Ekonomik Durum: Doların Artışı ve Türkiye'nin Borç Yükü

Son birkaç gündeki ekonomik gelişmeler, Türkiye'nin dış borç durumunu derinden etkilemiş durumda. Türkiye’nin dış borcu, bir günlük döviz kuru hareketiyle TL karşılığında 790 milyar lira arttı.

Ayrıca, 2025 yılı için öngörülen 20 milyar dolar tutarındaki cari açık için gerekli finansmanın yükü de bir günde 30 milyar TL artmış oldu.

Reel sektörün yurtdışından sağladığı kredi borcu ise, Merkez Bankası verilerine göre 99.4 milyar dolar seviyesinde.

Doların yükselmesi, yurtdışı kredi borcunun TL karşılığını da bir günde yaklaşık 120 milyar TL artırdı.

RTÜK'ün Medyaya Müdahalesi ve Demokrasiye Darbe

Dün gece sessiz sedasız değil, alenen bir darbe yapıldı. Radyo ve Televizyon Üst Kurulu (RTÜK), bütün kanallara Ekrem İmamoğlu’yla ilgili canlı yayınlarını kesme talimatı verdi. Aksi takdirde, yayın lisanslarının iptal edileceğini belirtti.

Bu hareket, medya üzerinde büyük bir baskı oluşturdu ve toplumu adeta sağır hale getirdi. Medyanın, bir toplum için ne kadar hayati öneme sahip olduğunu halkımız ancak iş işten geçtikten sonra anlayacaktır.

Ancak mesele, sadece Ekrem İmamoğlu’nun siyasi geleceği değil, Türkiye Cumhuriyeti’nin geleceğiyle ilgilidir. Çoğu insan, bu durumu “CHP’nin adayı tutuklandı” şeklinde dar bir perspektiften değerlendiriyor.

Bu şekilde bakıldıkça, Ümit Özdağlar ve Selahattin Demirtaşlar gibi isimlerin cezaevlerinde çürütülmesi de kaçınılmaz olur.

"Cumhuriyet Başsavcılığı İtiraz Edecek" İstanbul Cumhuriyet Başsavcılığı’nın, İBB başkanı Ekrem İmamoğlu’nun Kent Uzlaşısı terör dosyasında adli kontrol şartıyla serbest bırakılmasına itiraz edeceğini ve İstanbul Büyükşehir Belediyesine "Kayyım" atanmasının son dalgaya bırakılacağını düşünüyorum. Ekrem İmamoğlu'nun evine taziye ziyareti düzenler gibi eşi Dilek İmamoğlu'nu ziyaret eden siyasetçiler bu moddan çıkıp meselenin ülke olduğunu umarım biran önce kavrarlar.

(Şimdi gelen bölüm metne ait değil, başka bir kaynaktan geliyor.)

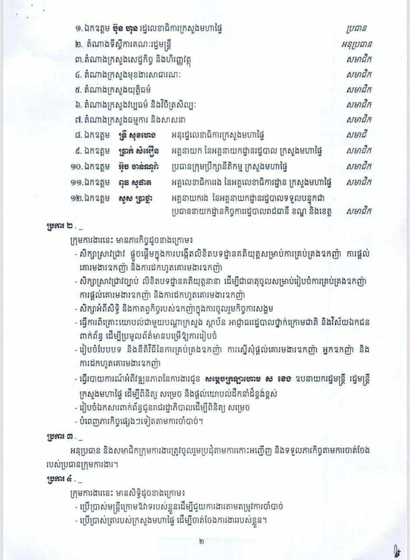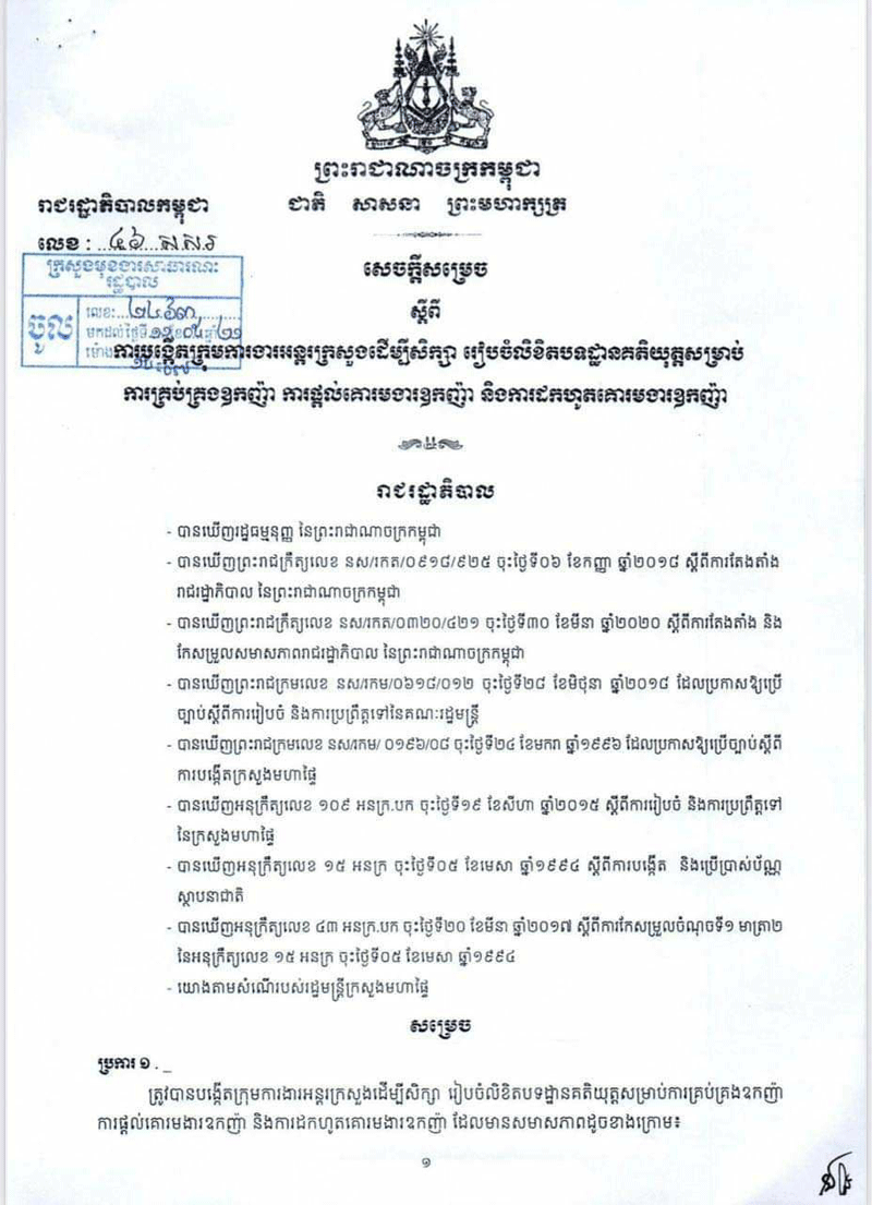 នាយករដ្ឋមន្ត្រីកម្ពុជា សម្ដេចតេជោ ហ៊ុន សែន បានចេញសេចក្តីសម្រេច ស្តីពីការបង្កើតក្រុមការងារអន្តរក្រសួង ដើម្បីសិក្សា រៀបចំលិខិតបទដ្ឋានគតិយុត្ត សម្រាប់ការគ្រប់គ្រងឧកញ៉ា ការផ្តល់គោរមងារឧកញ៉ា និងការដកហូតគោរមងារឧកញ៉ា ៕

Aksi halde siyasal iktidarın aklında İmamoğlu'nun cezaevinde uzun tutukluluğu üzerine bir dizi dava iddanameleri sinsilesi var...

Ahmak davası, diploma davası gibi bir çok dava ile İmamoğlu uzun süre tutuklu kalması sağlanmak isteniyor...

Toplum ve Demokrasi Üzerine Bir Değerlendirme

Her toplum, hak ettiği şekilde yönetilir. Ancak bu, sadece yurttaşların sınavı değil, aynı zamanda Cumhuriyet ve devrimlerin de bir sınavıdır.

Gazi Mustafa Kemal Atatürk, bu ülkeyi 15 yıl boyunca yönetti ve çok partili hayata geçişi sağladı.

Bugünse, neredeyse çeyrek asırdır ülkeyi yöneten parti, Türkiye'yi bulunduğu noktaya getirdi.

Şimdi sorulması gereken soru şu: Tek adam düzeni mi, yoksa demokrasi ve Cumhuriyet mi?

Bu seçimi yapmak, hepimizin sorumluluğudur. Fakat şu acı gerçeği kabul etmek gerekir:

Yurdum insanı, kabahatin çoğunun kendi üstüne olduğunu anlamıyor. Kendi özgürlüğünü, adaletini, demokrasisini elinin tersiyle itip, bir referandumla başkanlık sistemine bir adama teslim etti.

Şimdi ise hak, hukuk, adalet ve özgürlük için dileniyor. Oysa adalet ve özgürlük, ekmek ve su kadar hayati unsurlardır.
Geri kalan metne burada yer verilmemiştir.